SOURCE DATA
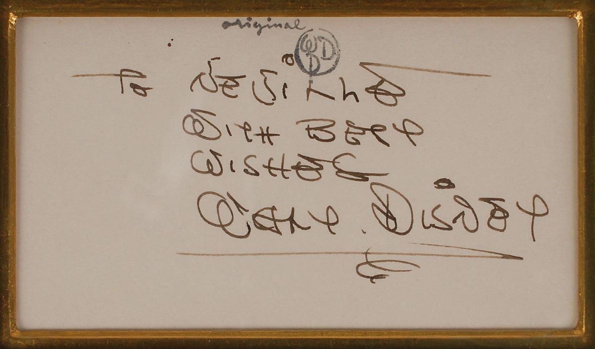All lots sold by RR Auction are accompanied by an Auction Certificate (“AC”). On any lot presented with an AC issued by RR Auction, the certification is only as to its attribution to the person or entity described or to the lot's usage and only as explicitly stated therein (the “Certification of Authenticity”), to the exclusion of any other warranties, express or implied, including but not limited to those pursuant to the Uniform Commercial Code. The Certification of Authenticity inures only to the original Bidder (as shown in RR Auction's records). Bidder may not transfer, assign, or otherwise convey the Certification of Authenticity, and such purported transfer, assignment, or conveyance shall be null and void. The Certification of Authenticity is valid from date of the Auction in which Bidder was awarded the lot (the “Auction Date”) until five (5) years after the Auction Date, without exception.
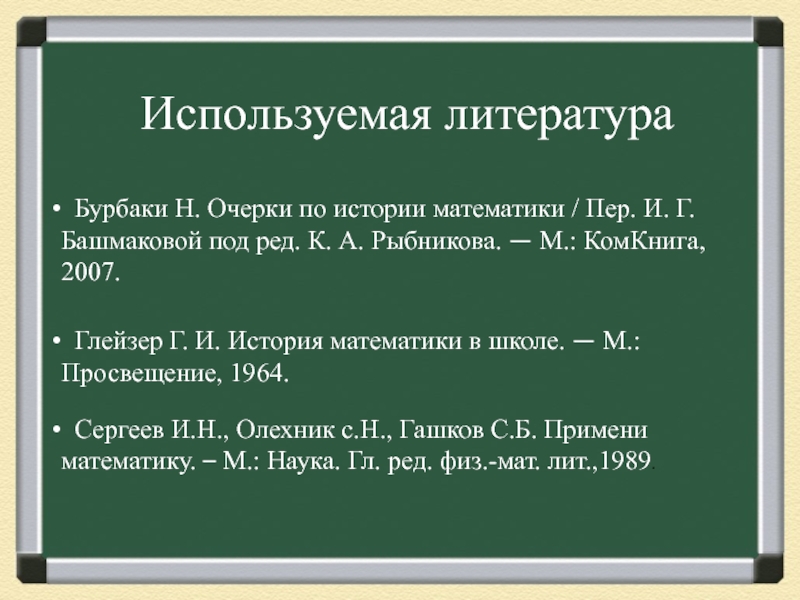Глейзер Г. И. История математики в школе. — М.: Просвещение, 1964.
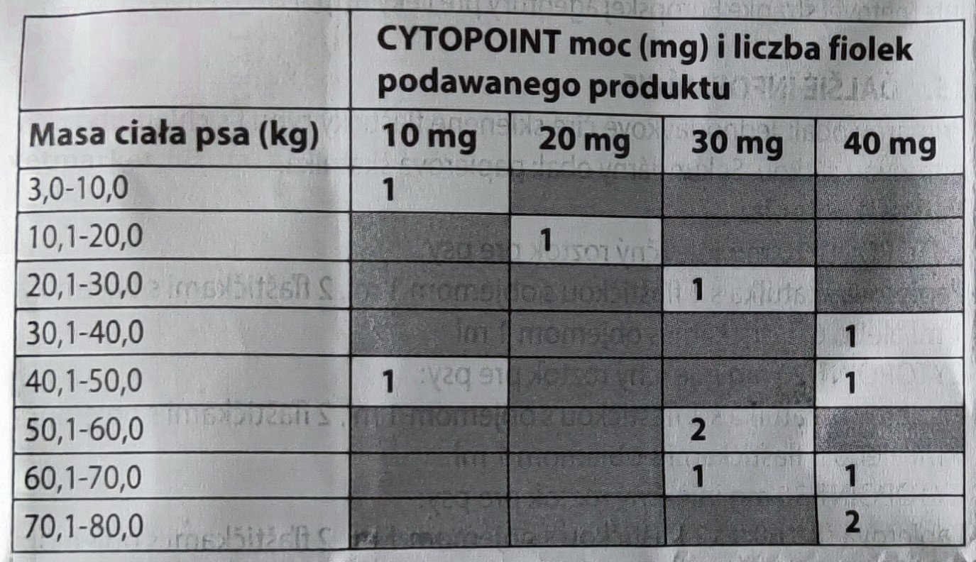 Цитопоінт випускається у флаконах об'ємом 1 мл у чотирьох концентраціях (10, 20, 30 або 40 мг). Введіть цитопінту в мінімальній дозі 0,9 мг / фунт (2 мг / кг) ваги тіла. Для зручності наведені нижче таблиці дозування можна використовувати як посібник. При необхідності повторюйте кожні 4-8 тижнів окремим пацієнтам.

TO DO
Images are to be left out; everything else in the material must be written out exactly.

ANSWER
All lots sold by RR Auction are accompanied by an Auction Certificate (“AC”). On any lot presented with an AC issued by RR Auction, the certification is only as to its attribution to the person or entity described or to the lot's usage and only as explicitly stated therein (the “Certification of Authenticity”), to the exclusion of any other warranties, express or implied, including but not limited to those pursuant to the Uniform Commercial Code. The Certification of Authenticity inures only to the original Bidder (as shown in RR Auction's records). Bidder may not transfer, assign, or otherwise convey the Certification of Authenticity, and such purported transfer, assignment, or conveyance shall be null and void. The Certification of Authenticity is valid from date of the Auction in which Bidder was awarded the lot (the “Auction Date”) until five (5) years after the Auction Date, without exception.
Глейзер Г. И. История математики в школе. — М.: Просвещение, 1964.
 Цитопоінт випускається у флаконах об'ємом 1 мл у чотирьох концентраціях (10, 20, 30 або 40 мг). Введіть цитопінту в мінімальній дозі 0,9 мг / фунт (2 мг / кг) ваги тіла. Для зручності наведені нижче таблиці дозування можна використовувати як посібник. При необхідності повторюйте кожні 4-8 тижнів окремим пацієнтам.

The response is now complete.